The result should be an exact copy of the entries that follow, with no pictures included.

(Beginning of Task inputs)

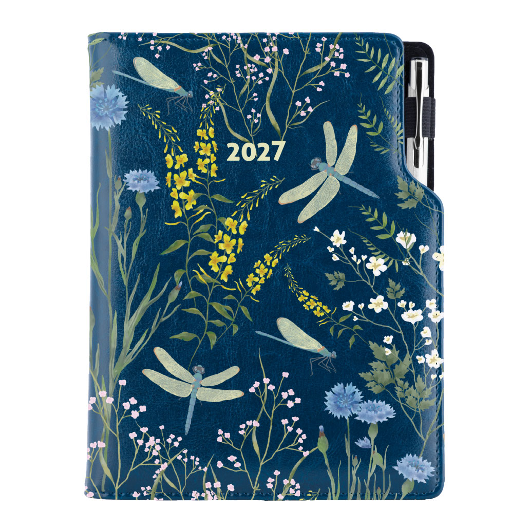 Diár DESIGN týždenný B6 2027 - modrá - Vážky
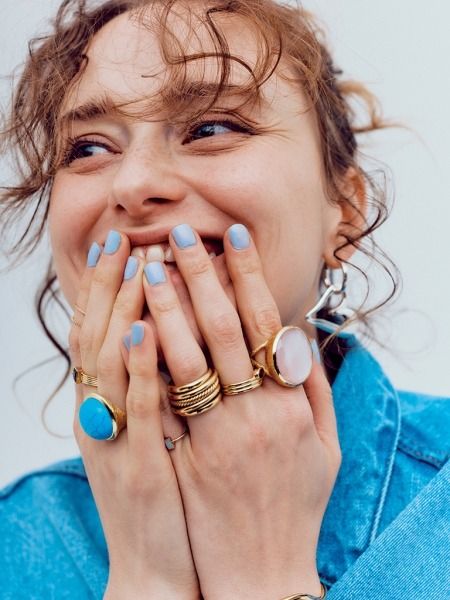 イヤリング 6,600円/loni ピンクストーンリング、ブルーストーンリング 各32,120円/ともにマルシア・モラン、5連風ゴールドリング(左手・薬指) 25,080円/ソコ(以上ZUTTOHOLIC) ゴールド×楕円ストーンリング(左手・中指) 28,600円、スクエアストーン×ゴールドリング(右手・中指) 26,400円/ともにテンプル オブ ザ サン(ジャック・オブ オール・トレーズ プレスルーム) オパールスクエアリング(左手・小指) 23,100円/Jouete 2連リング(右手・人さし指) 45,100円/e.m.(e.m. 青山店) デニムジャケット 12,650円/ビーミング by ビーミング(ビーミング ライフストア by ビームス ららぽーとTOKYO-BAY店)
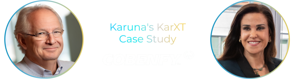 These challenges were later addressed by members of our team through the invention of KarXT (now called Cobenfy) at PureTech – which was led by Daphne Zohar. Karuna was co-founded by Ms. Zohar who brought in Dr. Paul as CEO.
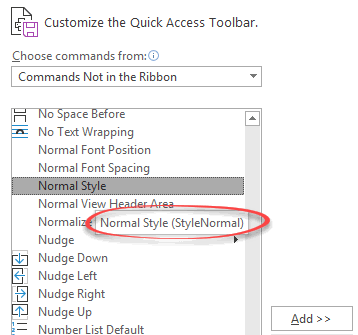 From Commands Not in the ribbon, scroll down to ‘Normal Style (StyleNormal)’
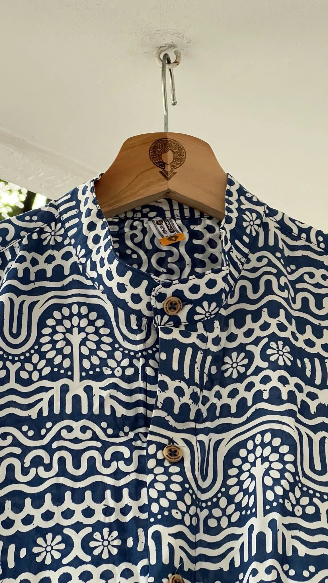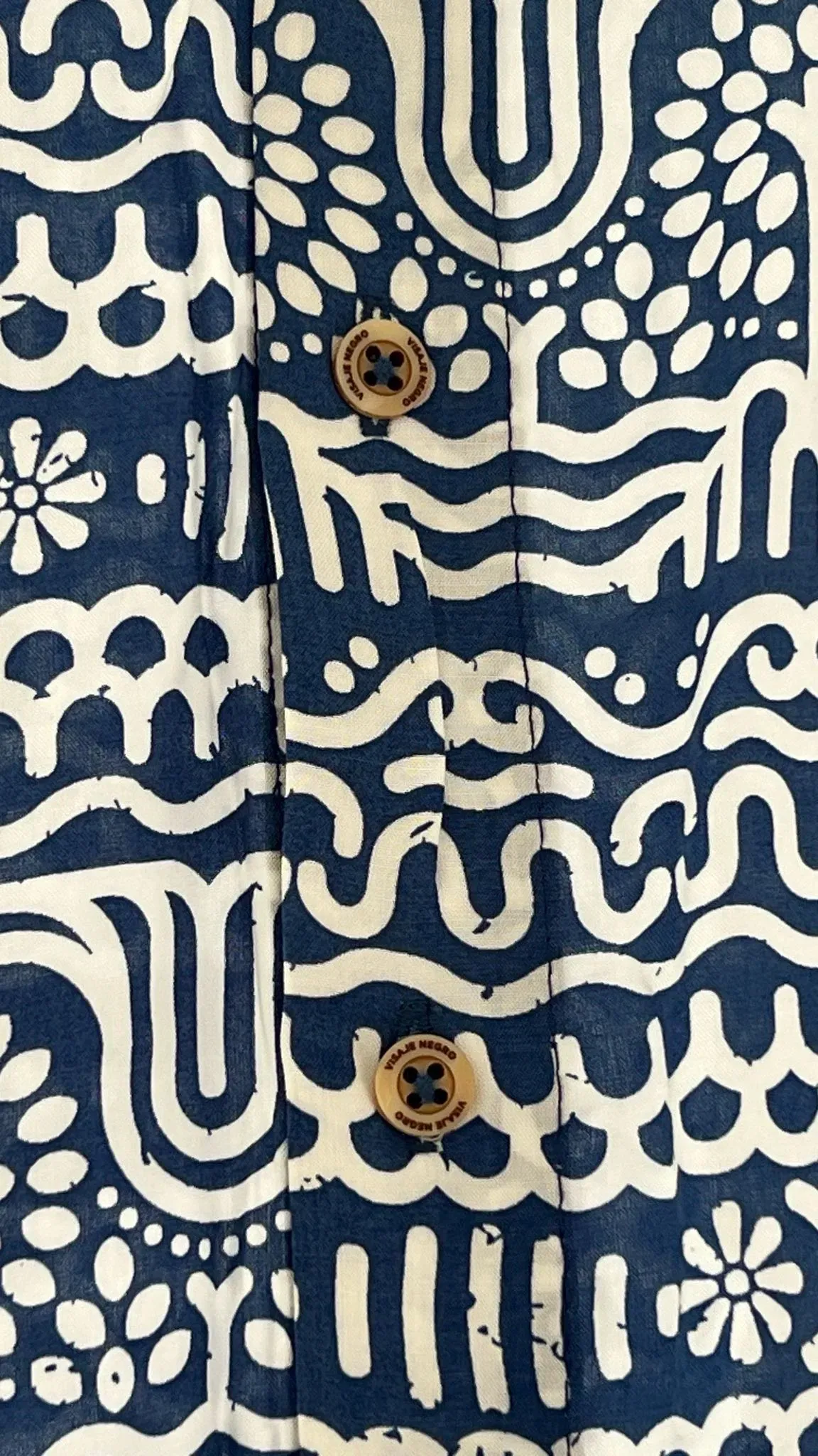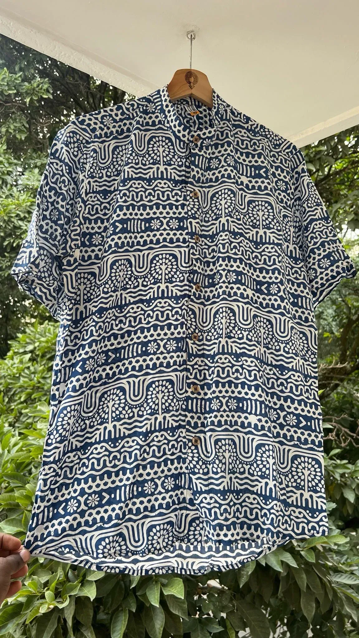 Camisa sin género de manga corta, hecha en 100% viscosa fresca. Su estampado exclusivo Río Suriquí evoca la fuerza y fluidez del agua. Con cuello inglés y un di...
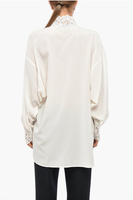 Silk Shirt with Embroidered Collar
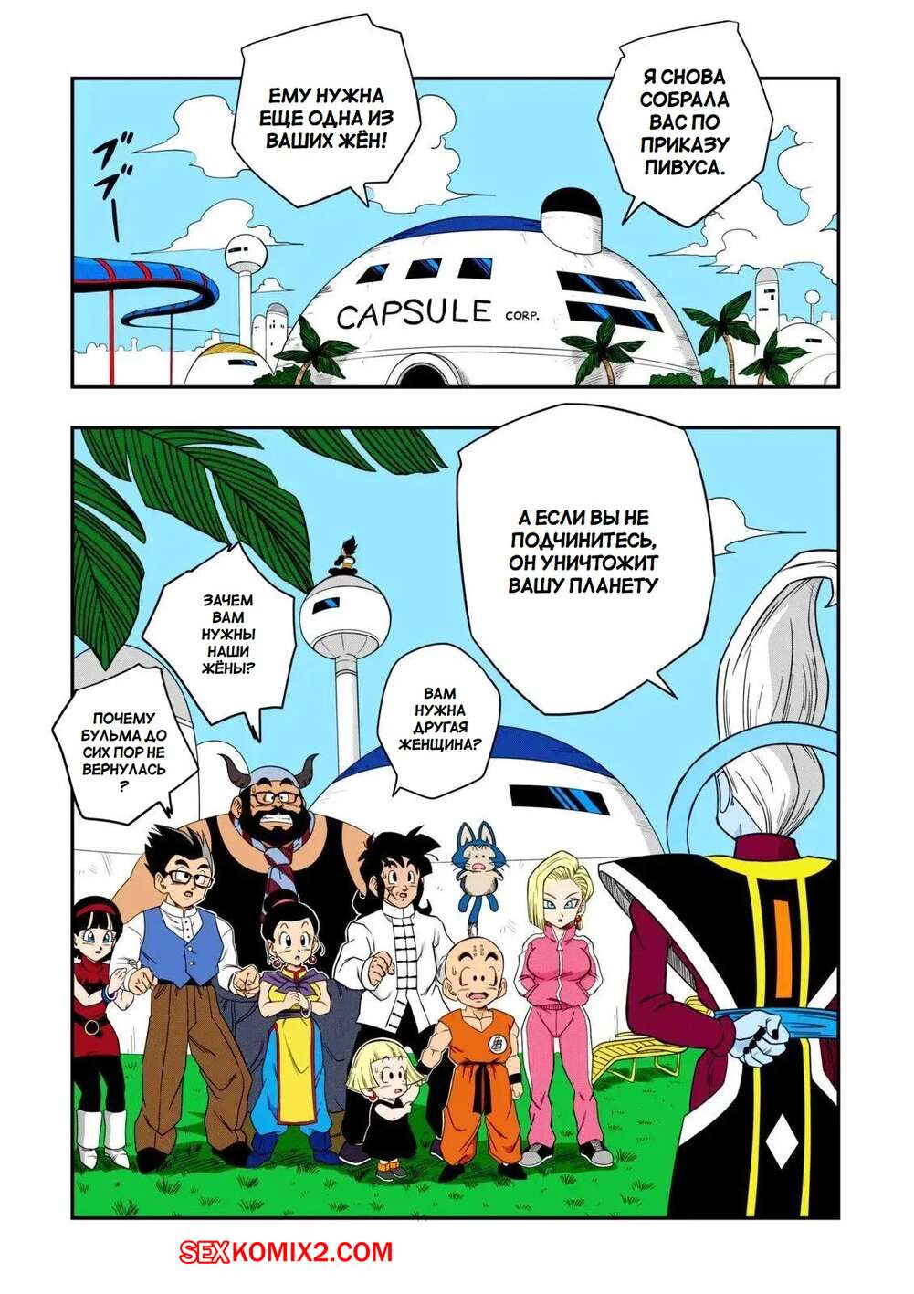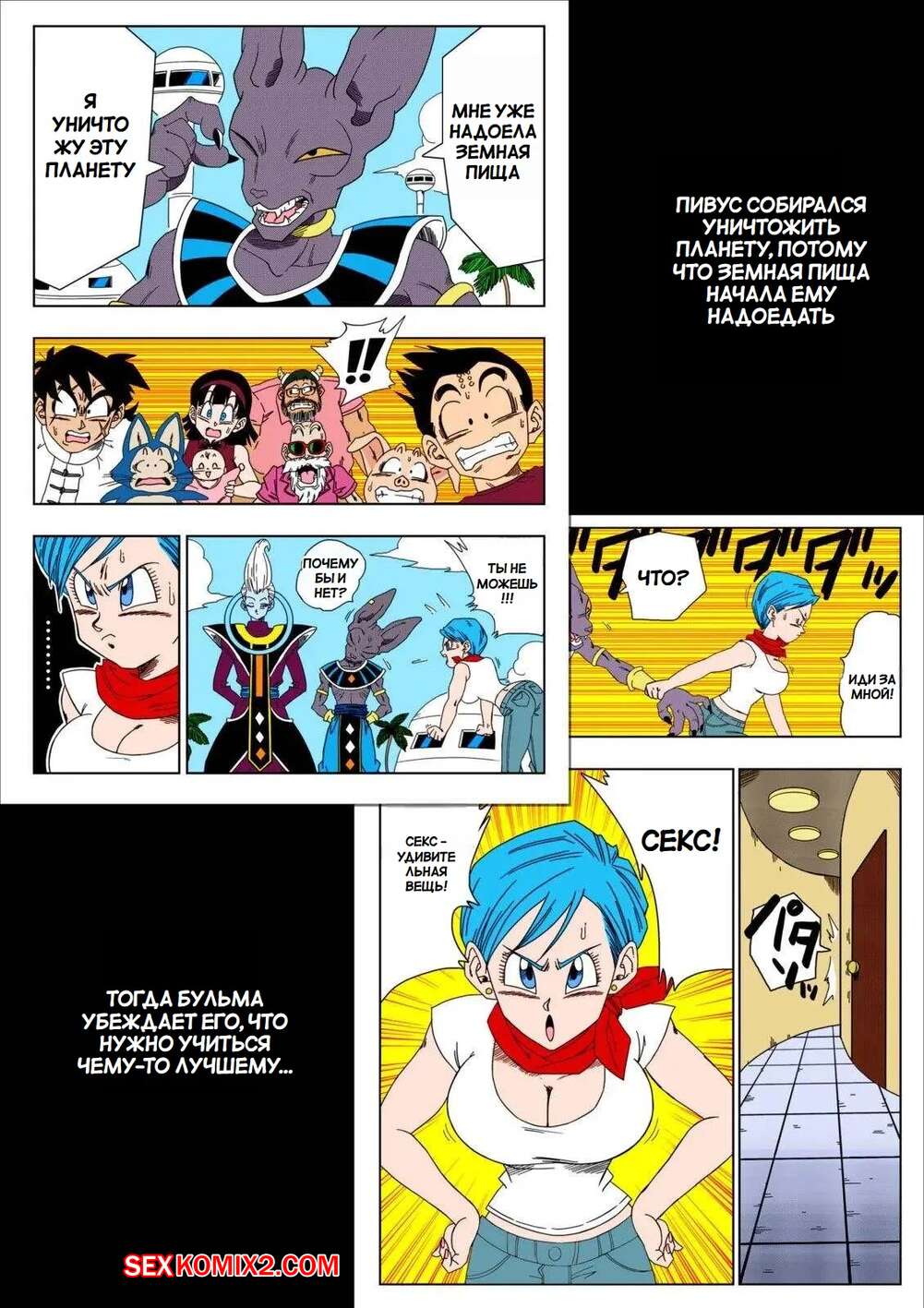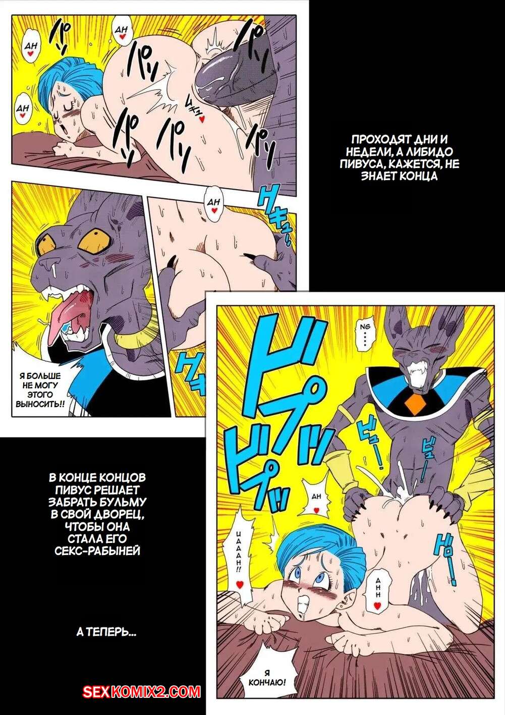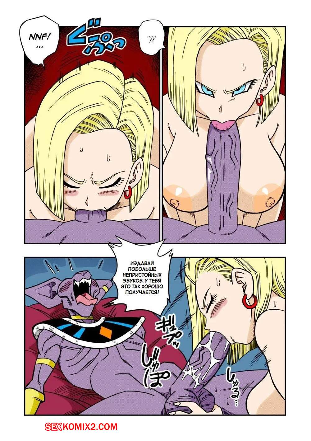 Порно комикс Dragon Ball. Никто не ослушается Пивуса. No One Disobeys Beerus. Yamamoto Горячая блондинка Андроид 18 была очень возбуждена и решила повеселиться с Берусом. Красотка разделась и отсосала хуй парня, после чего дала ему выебать свою пизденку.
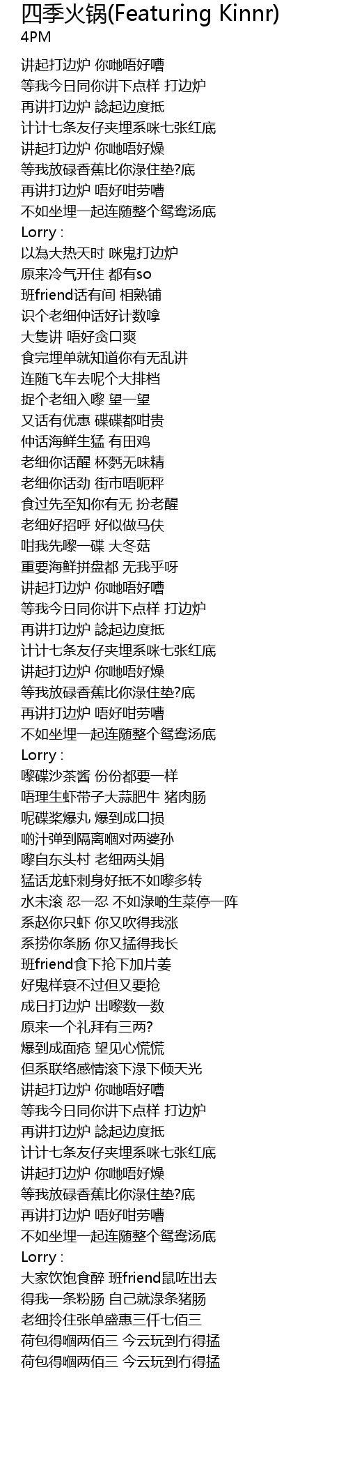 | Song | 四季火锅(Featuring Kinnr) |

(End of Task inputs)

> _Exercise solution_:
 Diár DESIGN týždenný B6 2027 - modrá - Vážky
 イヤリング 6,600円/loni ピンクストーンリング、ブルーストーンリング 各32,120円/ともにマルシア・モラン、5連風ゴールドリング(左手・薬指) 25,080円/ソコ(以上ZUTTOHOLIC) ゴールド×楕円ストーンリング(左手・中指) 28,600円、スクエアストーン×ゴールドリング(右手・中指) 26,400円/ともにテンプル オブ ザ サン(ジャック・オブ オール・トレーズ プレスルーム) オパールスクエアリング(左手・小指) 23,100円/Jouete 2連リング(右手・人さし指) 45,100円/e.m.(e.m. 青山店) デニムジャケット 12,650円/ビーミング by ビーミング(ビーミング ライフストア by ビームス ららぽーとTOKYO-BAY店)
 These challenges were later addressed by members of our team through the invention of KarXT (now called Cobenfy) at PureTech – which was led by Daphne Zohar. Karuna was co-founded by Ms. Zohar who brought in Dr. Paul as CEO.
 From Commands Not in the ribbon, scroll down to ‘Normal Style (StyleNormal)’
 Camisa sin género de manga corta, hecha en 100% viscosa fresca. Su estampado exclusivo Río Suriquí evoca la fuerza y fluidez del agua. Con cuello inglés y un di...
 Silk Shirt with Embroidered Collar
 Порно комикс Dragon Ball. Никто не ослушается Пивуса. No One Disobeys Beerus. Yamamoto Горячая блондинка Андроид 18 была очень возбуждена и решила повеселиться с Берусом. Красотка разделась и отсосала хуй парня, после чего дала ему выебать свою пизденку.
 | Song | 四季火锅(Featuring Kinnr) |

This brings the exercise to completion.